Aquatic Centre Project Management: insights from Rob McFee

Over the past summer, thousands of Australian adults and children escaped the heat and flocked to their nearest community pool.  Aquatic centres are not only a hub for communities in providing access to fitness and mixed leisure spaces but provide essential means for people of all ages to access general fitness, rehabilitation and potentially lifesaving learn to swim skills.

Rob McFee is Project Management/ Principal across Victoria, Tasmania and South Australian regions and has been leading the planning and development of aquatic facilities and other sporting facilities in both Public and Private sectors for more than thirty years.

Over the past number of years, Tetra Tech Coffey has led the delivery of several state-of-the-art Aquatic Centres in Victoria, reflecting the significant commitment from all levels of Government (Local, State & Federal) to investment in services and infrastructure across metropolitan and regional Victoria.

Here, Rob shares his four critical elements that play a key role in shaping these facilities.
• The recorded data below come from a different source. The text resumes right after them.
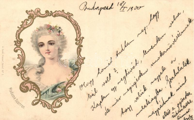 Madame Scarron, litho A. Sockl Serie I. No. 3 https://www.darabanth.com/hu/313-Gyorsarveres/313.0/Kepeslapok/Hires-Ember~500066/Madame-Scarron-litho-A-Sockl-Serie-I-No-3~II935270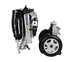 Met de ProRiders van e-Ability kunt u weer geheel zelfstandig op pad. De ProRider is een moderne elektrische rolstoel die door middel van een simpele handeling opgeklapt kan worden tot een klein pakket. Dankzij de grote, massieve banden is de ProRider ook uitermate geschikt om mee te rijden op ongelijke of onverharde wegen. De ProRider is standaard uitgevoerd met twee uitneembare, krachtige accu’s, wat ervoor zorgt dat de actieradius een riante 30 kilometer betreft. De ProRider is te besturen met een intuïtieve joystickbesturing waardoor de ProRider om zijn eigen as kan draaien. Ideaal voor het draaien in bijvoorbeeld een lift of het manoeuvreren in winkels. De ProRider heeft een robuust frame dat ervoor zorgt dat het maximale gebruikersgewicht 160 kg is. Daarnaast past deze in iedere auto en mag meegenomen worden in het vliegtuig.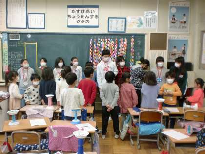 1年間,様々な場面で優しく教えてくれたり,助けてくれた6年生のみなさんに,感謝の気持ちを込めて,手作りのメダルをプレゼントしました。6年生のみなさん,お世話になりました。ありがとうございました。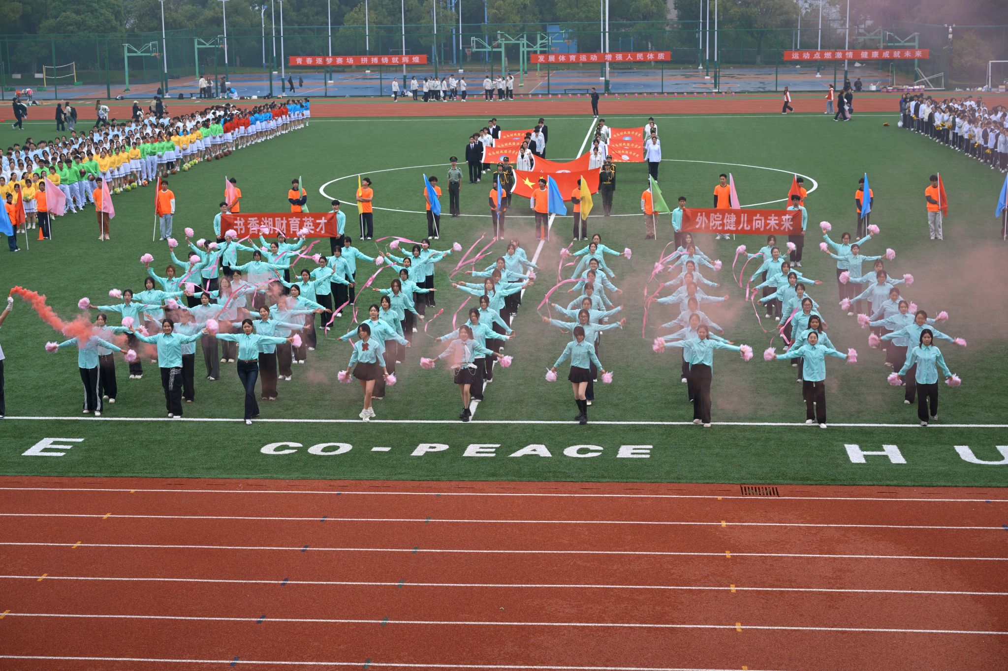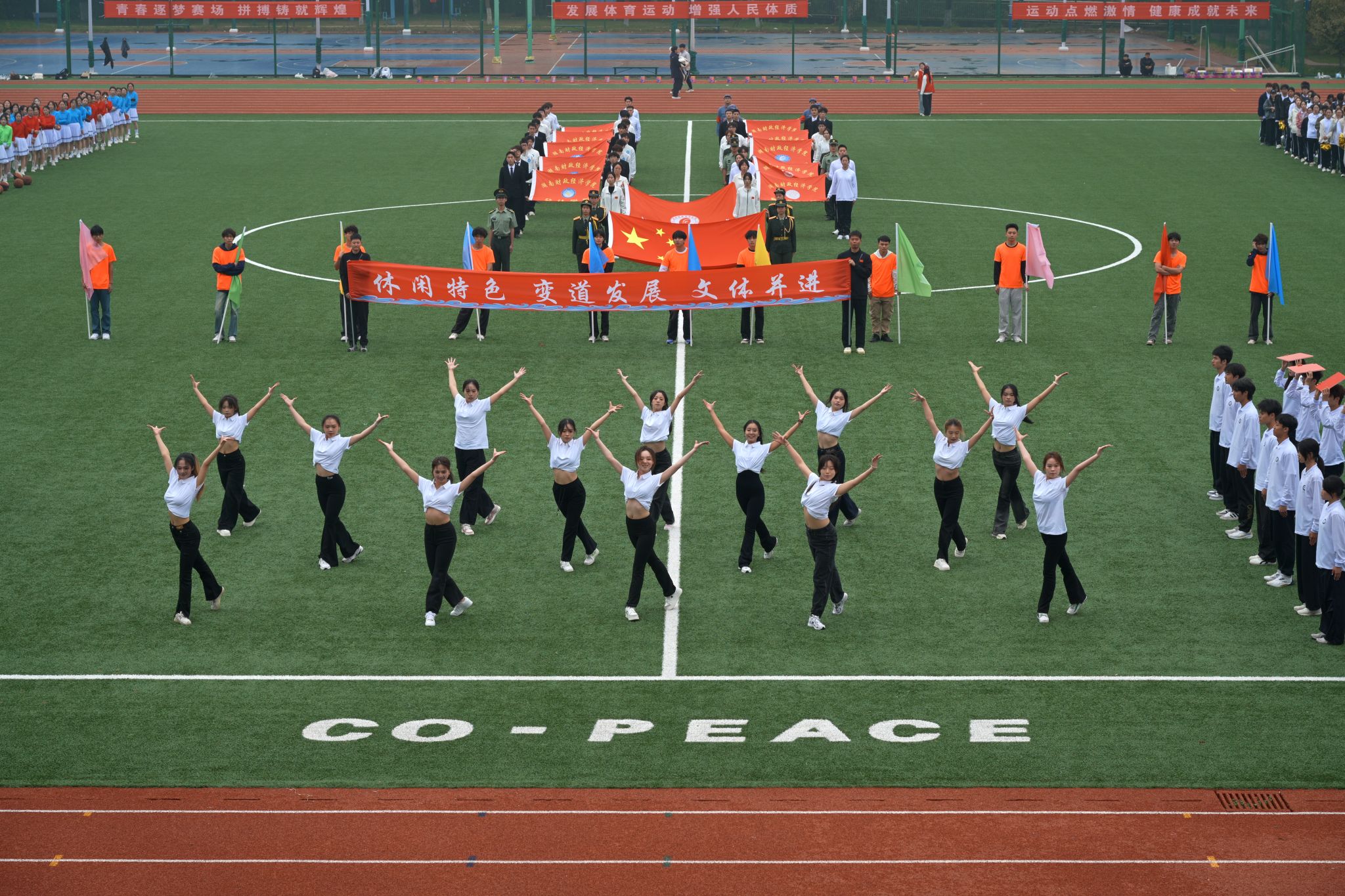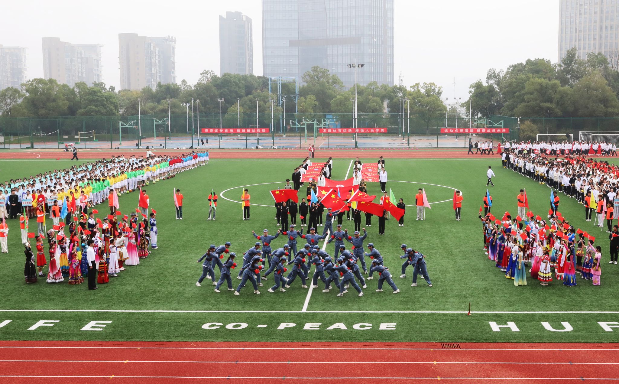 开幕式采用入场仪式与文体表演相结合的形式。在激昂的旋律中,国旗方阵、校旗方阵、彩旗方阵精神抖擞、步伐铿锵,14个二级学院代表方阵各具特色,充分展现了各学院的学科特色与文化内涵。舞龙舞狮威武灵动,武术表演刚柔并济,体育舞蹈活力四射,扇子舞优雅动人。其中,“民族团结”“祖国统一”等主题表演以鲜明的时代内涵引发全场热烈掌声。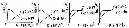 27.在光照下,供给玉米离体叶片少量的14C02,随着光合作用时间的延续,在光合作用固定CO2形成的C3化合物和C4化合物中,14C含量变化示意图正确的是 ( )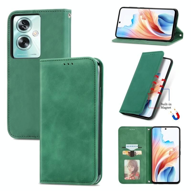 Για OPPO A2 5G Μαγνητική Δερμάτινη Θήκη με Υφή Retro (Πράσινο)

Understanding the demographics is key

There’s a whole number of reasons why our client’s do Business Cases/ Feasibility Studies prior to commencing detailed design, and it often starts with looking at the demographics to understand what future demand will be. This also ensures what you are designing, and building will have longevity and meet the local community’s needs.

For instance, with some of the aquatic centres we have delivered, we worked with the demographers and planners as they look at an area. If there’s a lot of young families in a developing area, we are likely to install more family friendly features such as water slides and have a larger aqua play area. This is compared to, say a more established region, where a more mature demographic requires different facilities that cater to their needs such as larger warm water facilities, or larger gymnasiums.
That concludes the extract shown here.